Price cuts help push Morrisons sales up 3.4%
Morrisons has reported better than expected sales growth in the first quarter after reaping the rewards of price cuts and strong Easter trading.
The supermarket said like-for-like sales grew 3.4% in the three months to April 30, ahead of analyst expectations and an acceleration on the previous quarter's 2.9%.
Chief executive David Potts said: "We are improving the shopping trip in many different ways, which is making Morrisons more popular and accessible for customers.
"These new initiatives in-store, online, in wholesale and services are beginning to build a broader, stronger Morrisons."

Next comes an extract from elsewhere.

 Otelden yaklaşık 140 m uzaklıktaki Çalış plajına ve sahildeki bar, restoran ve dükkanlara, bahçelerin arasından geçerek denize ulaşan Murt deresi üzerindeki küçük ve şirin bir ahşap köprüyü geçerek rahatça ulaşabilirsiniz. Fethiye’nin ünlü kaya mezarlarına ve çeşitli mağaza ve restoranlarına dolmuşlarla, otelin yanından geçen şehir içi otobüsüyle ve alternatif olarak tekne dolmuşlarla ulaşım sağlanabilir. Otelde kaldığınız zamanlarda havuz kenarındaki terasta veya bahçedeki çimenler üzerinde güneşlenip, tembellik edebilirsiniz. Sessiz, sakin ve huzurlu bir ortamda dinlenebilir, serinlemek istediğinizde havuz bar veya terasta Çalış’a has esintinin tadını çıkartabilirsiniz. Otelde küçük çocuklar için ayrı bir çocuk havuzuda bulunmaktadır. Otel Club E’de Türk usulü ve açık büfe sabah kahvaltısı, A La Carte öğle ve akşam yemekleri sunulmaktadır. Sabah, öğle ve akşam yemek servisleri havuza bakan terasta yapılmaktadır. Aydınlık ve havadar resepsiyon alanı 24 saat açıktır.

The company said its Price Crunch initiative has seen more customers come through its doors, with sales over Valentine's Day, Mother's Day and Easter particularly strong.
Mr Potts said the group is "working hard" to remain competitive, despite an increase in the price of food imports linked to the collapse in the Brexit-hit pound.

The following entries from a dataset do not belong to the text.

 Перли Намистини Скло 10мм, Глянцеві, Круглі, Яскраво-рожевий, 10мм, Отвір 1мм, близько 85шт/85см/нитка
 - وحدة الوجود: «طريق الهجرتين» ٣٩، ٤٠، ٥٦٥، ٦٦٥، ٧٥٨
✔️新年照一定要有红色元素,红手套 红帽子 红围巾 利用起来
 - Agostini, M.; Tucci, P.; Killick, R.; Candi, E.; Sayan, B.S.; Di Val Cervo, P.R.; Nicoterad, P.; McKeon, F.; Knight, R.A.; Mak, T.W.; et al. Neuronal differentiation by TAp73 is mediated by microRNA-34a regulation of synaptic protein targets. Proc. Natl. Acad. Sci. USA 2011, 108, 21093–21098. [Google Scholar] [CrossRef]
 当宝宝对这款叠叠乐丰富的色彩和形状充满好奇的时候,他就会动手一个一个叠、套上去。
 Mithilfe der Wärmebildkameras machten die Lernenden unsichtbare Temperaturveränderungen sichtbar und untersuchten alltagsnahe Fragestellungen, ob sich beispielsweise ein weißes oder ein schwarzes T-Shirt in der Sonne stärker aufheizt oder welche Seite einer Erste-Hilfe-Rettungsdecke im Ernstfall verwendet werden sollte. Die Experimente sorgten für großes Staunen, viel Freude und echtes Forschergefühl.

Morrisons said its deal to sell groceries through Amazon "continues to grow", with the same-day and one-hour delivery service recently extended into more London postcodes.
Mr Potts added: "We've been working hard to improve quality and lower prices. We're a bit more relevant to a few more people."
He has ploughed investment into price cuts and called time on under-performing stores in his attempts to turn the page on the supermarket's ill-fated era under ousted boss Dalton Philips.
His efforts come as the grocery sector's so-called Big Four - Tesco, Asda, Sainsbury's and Morrisons - remain locked in a bitter price war sparked by German discounters Aldi and Lidl and face further challenges from an expected slowdown in consumer spending.
Figures from Kantar on Wednesday showed that Morrisons was the fastest growing Big Four grocer, helped by its The Best line attracting more affluent shoppers, with sales up 2.2%, although its market share fell 0.2 percentage points to 10.4%.
George Salmon, equity analyst at Hargreaves Lansdown, said: "There is a long road ahead of the UK's supermarkets, but, of the three major players, Morrisons seems to be in the highest gear. Customers are flocking back, and like-for-like sales growth is trending strongly upwards.
"The transformation, spearheaded by CEO David Potts, is by no means complete; after all the weaknesses in online and convenience are still glaringly obvious. Nonetheless, progress thus far has been impressive."